As part of our rework this weekend, Sir and I talked about how we have been having some issues with communication. Sir doesn’t feel that I have been open enough about my struggles with submitting to him during the work day and when I am alone with the boys. I think that I fight the urge to burden him with my stress while he is at work. But, by not being open with my horniness, stress, and desire to submit, he feels directionless in dominating me. And I have been getting more and more bitter on nights when I go to bed horny and frustrated. With the stress of the children and, recently, this job search, it just doesn’t work. I just get upset and mad at him, and everyone else; my fuse is millimeters long. Not good for a mom with young children. Not to mentioned depressed, stressed, and sleep-deprived.

So, in his infinite wisdom, Sir has decided on a different approach. Rather than sex as a reward he is going to use chastity as punishment. I know that that sounds like the same thing, but it is actually very different. Before, my orgasms were a reward for extremely good behavior. These were often given at the end of a scene or play, after he had cum. So, if for whatever reason, our time was cut short (remember, young children) my orgasm would be forfeit. I found it hard to stay motivated and often found myself getting snippy and bratty because of this. I felt unappreciated and that my service, both domestic and sexual, was being ignored.

And I hated feeling like that. I really approach my submission with a ‘whatever he says goes’ and ‘suck it up, buttercup’ attitude. So why couldn’t I accept his decision about my orgasms? Truthfully, I don’t think I know how to completely deal with my raised sex drive. Basically, since I got pregnant with our second child and I started researching BDSM my horniness has really come out. I thought it may go down after I gave birth, but it didn’t. And now that I have my depression under control, I don’t have anything else to ‘blame’. BDSM has given me the ability and the platform to be the, apparently previously hidden, sexual person I really am. And as much as I love that realization, I’ve not actually had to time to process it’s ramifications completely. Even after we got married, I would go weeks without an orgasm and be fine. I survived my first pregnancy and recovery without issue. This moody response that triggers after hardly 48 hours has been as hard for me to deal with as it has been for Sir. It’s not acceptable, but I haven’t found anything to fix it. So instead, Sir and I need to adapt.

Now my orgasms are not wishful thinking. His are.
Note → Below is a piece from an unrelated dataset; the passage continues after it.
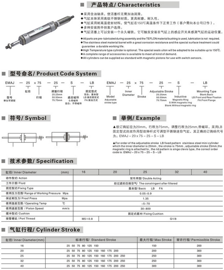 產(chǎn)品: 瀏覽次數(shù):1047EMAJ-16*25-25,EMAJ-25*50-25,EMAJ-32*75-25,EMAJ-40*80-25,不銹鋼迷你氣缸

If I preform tasks, like Sunday’s cleaning, I get a massive orgasm; or possibly many. Even if I don’t impress him, my orgasm isn’t necessarily taken off the table. But it will be quick. No time will be taken; no after cuddles provided. More importantly, now, are his orgasms. If I succeed in my ordered endeavors, I will get the chance to give him an amazing orgasm. On Sunday, if I had not followed his direction, he said that he would just jerk off in a towel. At first I was startled that he would be ok masturbating rather than using my body. But then I realized how upset I was at the thought that my behavior would cause him to have to do that. Immediately I wanted to do everything I could to avoid him having to use a towel. My orgasm wasn’t important, I just didn’t want him to not be given the relaxing orgasm that he deserves; that my body could give him. Like it was some sort of horror. It didn’t used to be. I remember, before BDSM, I would go to sleep and he would be horny and just jerk off so he could fall asleep. It never really bothered me then. But I remember this feeling of panic when he told me as he put my gag on Sunday night.

I never would have thought that ‘switching’ the orgasm focus could be so effective. And so immediate. And so lasting. Sir didn’t have a great Monday and turned in soon after the boys went to bed. So I came downstairs to write and finish up a few work bits and bobs. I felt good. Not bitter, and certainly not moody at the idea that he needed some rest. I was calm. Calm and happy.

Sex leads to submission, submission leads to sex. I think this new approach will be a win/win for both of us. Because I will do whatever I can to keep him away from that towel and reaching for me instead.